報道関係者各位
    プレスリリース
    2026年7月16日 09:30
    NPO JAPAN

    「空爆の村から、日本へ。」ミャンマーの迫害地域の若者に  安全に日本語を学べる学校と寮を、クラウドファンディングで支援

    2019年からミャンマーで日本語教育支援を続けるNPO JAPANは、政府軍による空爆や迫害を受ける地域の若者が、安全な環境で日本語を学べる日本語学校と寮の設立を目指すクラウドファンディングプロジェクトを6月20日より開始しています。


    「空爆の村から、日本へ。」空爆や攻撃を受けている村の若者に日本語教育の場を届けるプロジェクト

    https://for-good.net/project/1003528


    焼かれた村

    焼かれた村


    2021年のクーデター以降、政府軍による攻撃を受ける地域では、日本語を学ぶ若者が増加しています。彼らの多くは難民申請に頼らず、日本語を習得して自らの力で日本での就労・自立を目指しています。NPO JAPANは、こうした若者が安全な環境で学べる場を提供することで、将来のミャンマーを担う人材の育成を支援します。



    ■プロジェクトのポイント

    1.軍から迫害を受ける地域の若者のための日本語学校と寮を作りたい

    2.ミャンマーで5年間の実務経験があり、このプロジェクトに協力いただける学校もあります

    3.候補地の街の環境や安全性は今年2月に現地調査してきました


    昨日まで空爆の音に怯えていた若者が、明日には日本語を学び、未来を描けるようになる。

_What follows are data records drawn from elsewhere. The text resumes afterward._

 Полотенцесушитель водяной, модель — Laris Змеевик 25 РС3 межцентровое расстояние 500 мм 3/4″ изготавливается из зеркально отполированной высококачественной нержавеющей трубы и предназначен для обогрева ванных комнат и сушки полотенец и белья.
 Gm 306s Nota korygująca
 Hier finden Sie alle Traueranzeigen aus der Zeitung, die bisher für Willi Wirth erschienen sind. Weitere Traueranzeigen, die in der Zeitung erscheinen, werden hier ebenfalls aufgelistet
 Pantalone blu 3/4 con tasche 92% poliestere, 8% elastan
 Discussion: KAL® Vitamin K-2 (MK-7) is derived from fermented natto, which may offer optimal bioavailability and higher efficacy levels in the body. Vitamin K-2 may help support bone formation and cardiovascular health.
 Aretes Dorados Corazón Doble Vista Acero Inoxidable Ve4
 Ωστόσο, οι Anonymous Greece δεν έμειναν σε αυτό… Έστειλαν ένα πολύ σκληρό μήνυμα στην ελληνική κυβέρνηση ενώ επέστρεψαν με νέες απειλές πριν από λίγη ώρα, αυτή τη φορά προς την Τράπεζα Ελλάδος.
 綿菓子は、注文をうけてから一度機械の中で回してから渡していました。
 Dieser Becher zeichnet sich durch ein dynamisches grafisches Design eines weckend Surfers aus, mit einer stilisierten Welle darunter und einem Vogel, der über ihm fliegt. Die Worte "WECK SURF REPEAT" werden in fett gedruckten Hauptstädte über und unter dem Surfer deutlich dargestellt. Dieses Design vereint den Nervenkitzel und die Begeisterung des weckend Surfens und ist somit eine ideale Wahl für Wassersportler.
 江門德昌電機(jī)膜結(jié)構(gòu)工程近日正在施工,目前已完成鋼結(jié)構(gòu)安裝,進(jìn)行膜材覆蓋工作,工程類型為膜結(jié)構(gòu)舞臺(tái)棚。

    そのための学びの場をつくり、日本で働く道へとつなげるプロジェクトです。


    日本語教育が人道支援になる

    日本語教育が人道支援になる


    ■発起人・高井邦彦よりコメント

    「私は三重県出身の68歳です。現役時代から青年海外協力隊の支援や日本ミャンマー友好協会などを通じて国際協力に関わってきました。その経験から、61歳のときに自分の会社を売却し、ミャンマーでの教育支援に専念する道を選びました。2018年の支援開始以来、これまでにヤンゴン市内の16校をサポートしてきました。これからも、ミャンマーの若者たちのために活動を続けていきます。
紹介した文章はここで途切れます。